Task requirements: Please give back only the lines below from the one containing "Der  Knister Grill" to the one containing "- Komod: Ağ", each repeated word for word, both ends included.

Material shown:
========================================

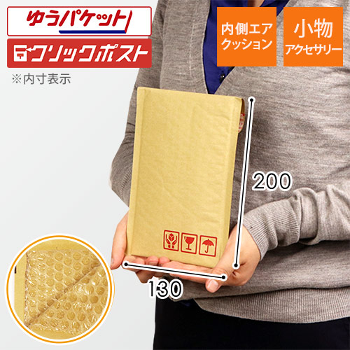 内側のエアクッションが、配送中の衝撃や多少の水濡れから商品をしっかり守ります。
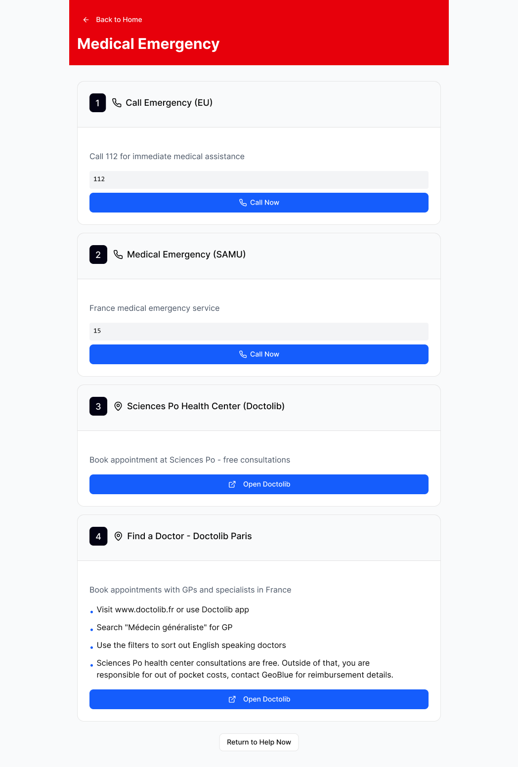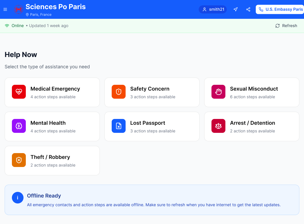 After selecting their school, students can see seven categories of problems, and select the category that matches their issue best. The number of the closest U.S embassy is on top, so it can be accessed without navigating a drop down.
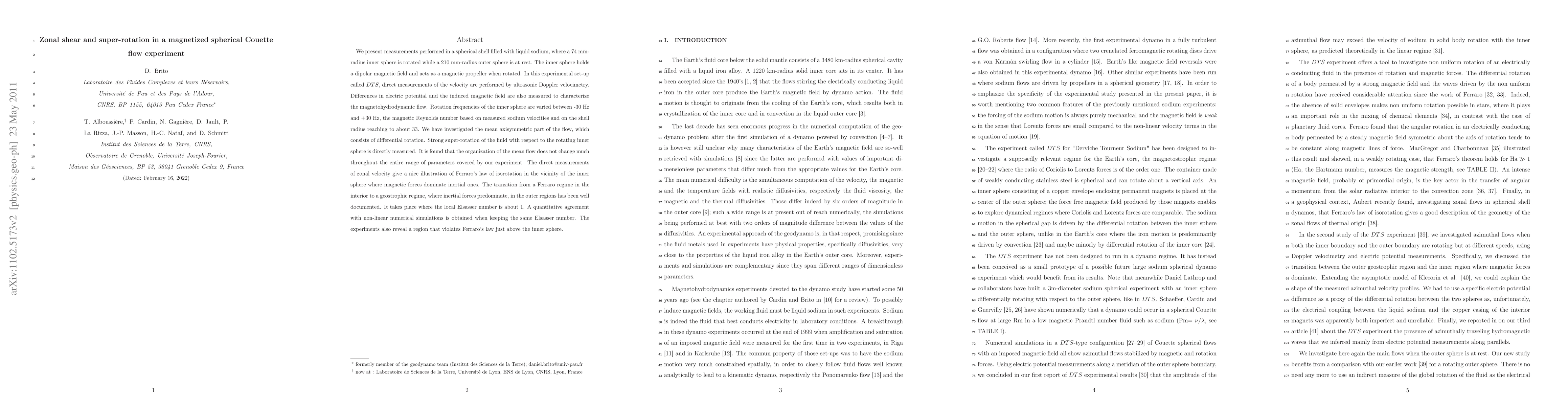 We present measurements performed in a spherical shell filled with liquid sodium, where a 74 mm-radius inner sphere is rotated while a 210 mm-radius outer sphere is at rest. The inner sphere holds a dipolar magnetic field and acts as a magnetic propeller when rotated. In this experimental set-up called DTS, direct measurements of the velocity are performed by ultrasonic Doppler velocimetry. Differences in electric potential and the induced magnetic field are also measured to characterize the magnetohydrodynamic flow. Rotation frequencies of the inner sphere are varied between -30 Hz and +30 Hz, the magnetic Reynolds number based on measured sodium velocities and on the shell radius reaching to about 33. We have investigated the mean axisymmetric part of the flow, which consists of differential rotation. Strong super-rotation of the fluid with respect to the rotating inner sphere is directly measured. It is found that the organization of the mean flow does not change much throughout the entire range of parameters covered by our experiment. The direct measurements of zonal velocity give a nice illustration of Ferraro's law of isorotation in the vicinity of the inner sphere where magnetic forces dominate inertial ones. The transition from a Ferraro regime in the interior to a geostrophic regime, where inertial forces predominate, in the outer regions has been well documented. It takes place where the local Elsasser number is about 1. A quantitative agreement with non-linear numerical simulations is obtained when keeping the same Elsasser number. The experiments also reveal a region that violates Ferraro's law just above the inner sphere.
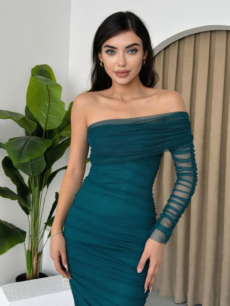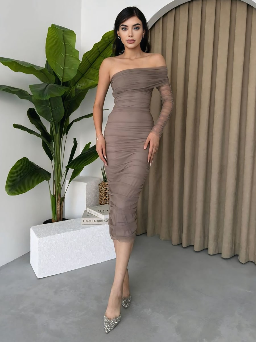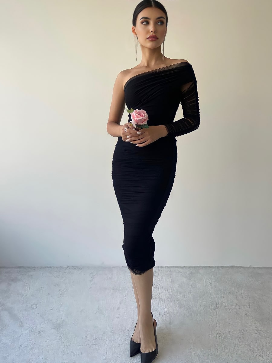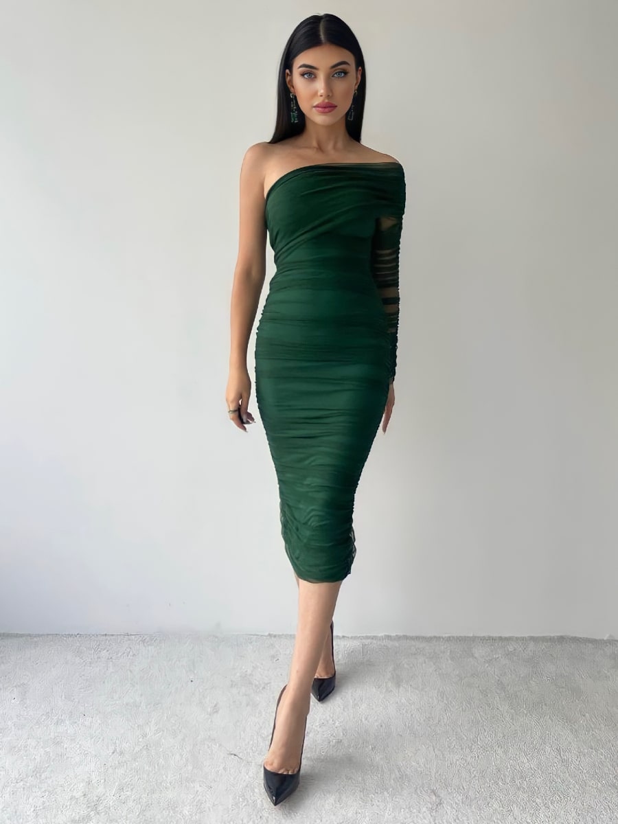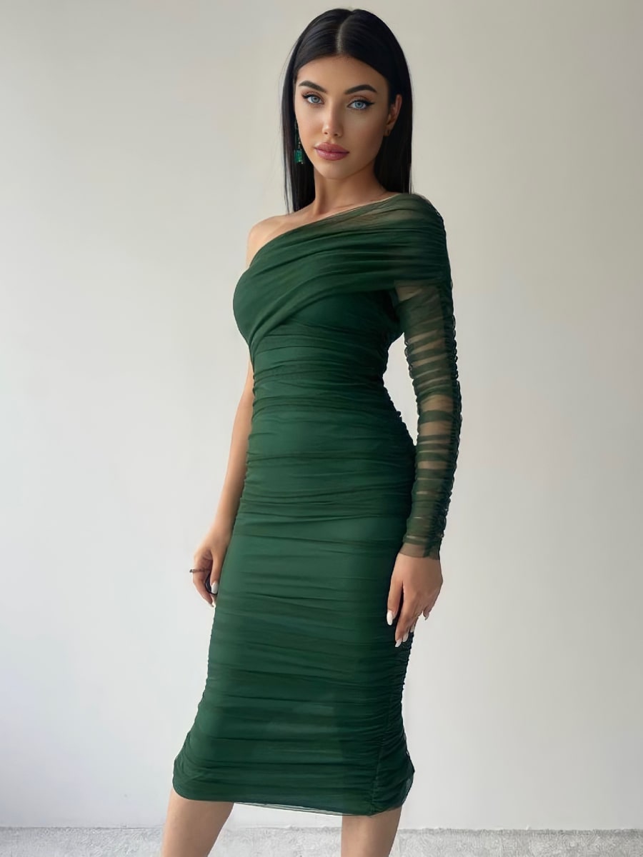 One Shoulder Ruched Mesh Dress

========================================

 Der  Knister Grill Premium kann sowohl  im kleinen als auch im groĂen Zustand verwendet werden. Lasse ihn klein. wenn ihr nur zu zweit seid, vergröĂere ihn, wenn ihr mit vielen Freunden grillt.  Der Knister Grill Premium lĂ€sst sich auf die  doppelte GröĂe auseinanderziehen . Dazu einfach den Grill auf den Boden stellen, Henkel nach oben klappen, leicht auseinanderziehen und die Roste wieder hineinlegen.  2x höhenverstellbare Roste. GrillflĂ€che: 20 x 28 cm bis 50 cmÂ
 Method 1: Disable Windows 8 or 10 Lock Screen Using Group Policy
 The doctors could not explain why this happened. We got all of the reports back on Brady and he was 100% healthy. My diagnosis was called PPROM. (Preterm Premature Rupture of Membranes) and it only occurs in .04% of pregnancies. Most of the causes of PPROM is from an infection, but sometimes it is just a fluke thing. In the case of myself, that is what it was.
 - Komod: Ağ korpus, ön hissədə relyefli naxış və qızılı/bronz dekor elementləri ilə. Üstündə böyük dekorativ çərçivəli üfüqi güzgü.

========================================

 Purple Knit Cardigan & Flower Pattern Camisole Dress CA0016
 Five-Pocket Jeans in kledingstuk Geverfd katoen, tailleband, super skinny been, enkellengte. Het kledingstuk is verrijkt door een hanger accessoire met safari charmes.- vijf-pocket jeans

========================================

Answer space:
 Der  Knister Grill Premium kann sowohl  im kleinen als auch im groĂen Zustand verwendet werden. Lasse ihn klein. wenn ihr nur zu zweit seid, vergröĂere ihn, wenn ihr mit vielen Freunden grillt.  Der Knister Grill Premium lĂ€sst sich auf die  doppelte GröĂe auseinanderziehen . Dazu einfach den Grill auf den Boden stellen, Henkel nach oben klappen, leicht auseinanderziehen und die Roste wieder hineinlegen.  2x höhenverstellbare Roste. GrillflĂ€che: 20 x 28 cm bis 50 cmÂ
 Method 1: Disable Windows 8 or 10 Lock Screen Using Group Policy
 The doctors could not explain why this happened. We got all of the reports back on Brady and he was 100% healthy. My diagnosis was called PPROM. (Preterm Premature Rupture of Membranes) and it only occurs in .04% of pregnancies. Most of the causes of PPROM is from an infection, but sometimes it is just a fluke thing. In the case of myself, that is what it was.
 - Komod: Ağ korpus, ön hissədə relyefli naxış və qızılı/bronz dekor elementləri ilə. Üstündə böyük dekorativ çərçivəli üfüqi güzgü.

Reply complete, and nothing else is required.